Não tem que me contar/ seja o que for/ Galeria Raquel Arnaud, SP/ até 10/3

img1.jpg

chamada.jpg

img.jpg
INTRIGA
Autorretrato de Jorge Molder (no centro) está entre as fotografias apresentadas

Na semana em que Hollywood premia “O Artista” e o mundo reverencia o cinema mudo, uma exposição em São Paulo remonta às narrativas cinematográficas clássicas. Composta por 42 fotografias realizadas a partir de fotogramas de filmes, a exposição “Não Tem Que me Contar/ Seja o Que For” é, na realidade, um projeto de desmontagem cinematográfica, de autoria do fotógrafo português Jorge Molder. Como frames de um filme, as imagens se distribuem linearmente nas paredes do novo espaço da galeria Raquel Arnaud. Seu discurso, no entanto, é não linear e a narrativa se faz por saltos e associações subjetivas.
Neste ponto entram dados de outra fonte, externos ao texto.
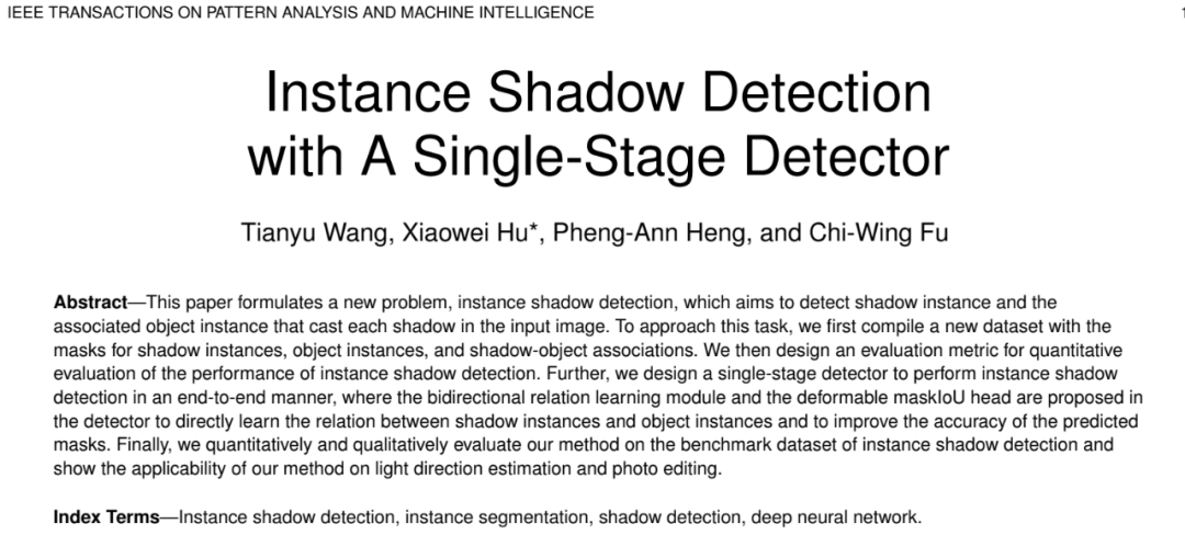 该文章的会议版本首先发表在 CVPR 2020 以及 CVPR 2021 (oral),最新于 TPAMI 提出的单阶段实例阴影检测算法在复杂场景下大幅提升了检测性能。

A série, realizada entre 2006 e 2007, foi apresentada anteriormente na Cinemateca Portuguesa em Lisboa, no Museu do Cinema de Madri e na sede da Fundação Calouste Gulbenkian em Lisboa, entre outros espaços na Europa. O grande mérito do trabalho não está em falar de cinema analógico em tempos de arte digital, nem em se apropriar de imagens prontas – o que dezenas, ou centenas, de artistas de todo o mundo fazem muito bem hoje. A habilidade de Molder está em extrair de outras cinematografias imagens tão particulares que poderiam ser suas. E, de fato, passam a ser, quando refotografadas e organizadas ao lado de suas escolhas. A imagens já estão tão “dominadas” que, quando Molder inclui na sequência um autorretrato, ele se comporta como um frame de filme.

img2.jpg
MISTÉRIO
Fotografia da série remete à ficção científica

Embora seja mais conhecido no meio da fotografia do que da arte contemporânea, aos 65 anos, Molder se destaca por um trabalho de construção de ficções fotográficas nas quais, não raro, atua como ator ou performer. Na imagem produzida para a série em exposição em São Paulo, ele se retrata em expressão intensa, digna de um filme noir.
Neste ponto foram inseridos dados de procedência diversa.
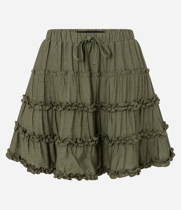 Saia feminina confeccionada em viscose certificada no modelo godê curta com cós elástico, amarração e babadinhos.
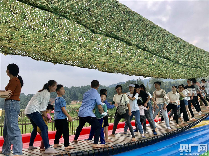 在山莊大智鄉(xiāng)村旅游點(diǎn),游客們網(wǎng)紅橋上玩興正嗨。

Embora o título da mostra – enigmático – avise que “Não tem que me contar/ seja o que for”, muitas histórias são contadas nessa sala. Isso ocorre, em primeiro lugar, porque é o espectador quem dá a velocidade e faz a sequência de visualização do trabalho. E sua estrutura muda, portanto, de acordo com cada olhar.

Mas a história contada ganha múltiplas facetas, especialmente porque as imagens, além de se oferecem ao deleite da contemplação silenciosa, seduzem o espectador a procurar as relações ocultas – ou inexistentes? – entre as silhuetas de corpos, as faces que se escondem, as mãos em atitudes suspeitas ou os espelhos que se quebram. Ou mesmo a inventar essas relações, coroando esse discurso com um visualmente sonoro “The end”.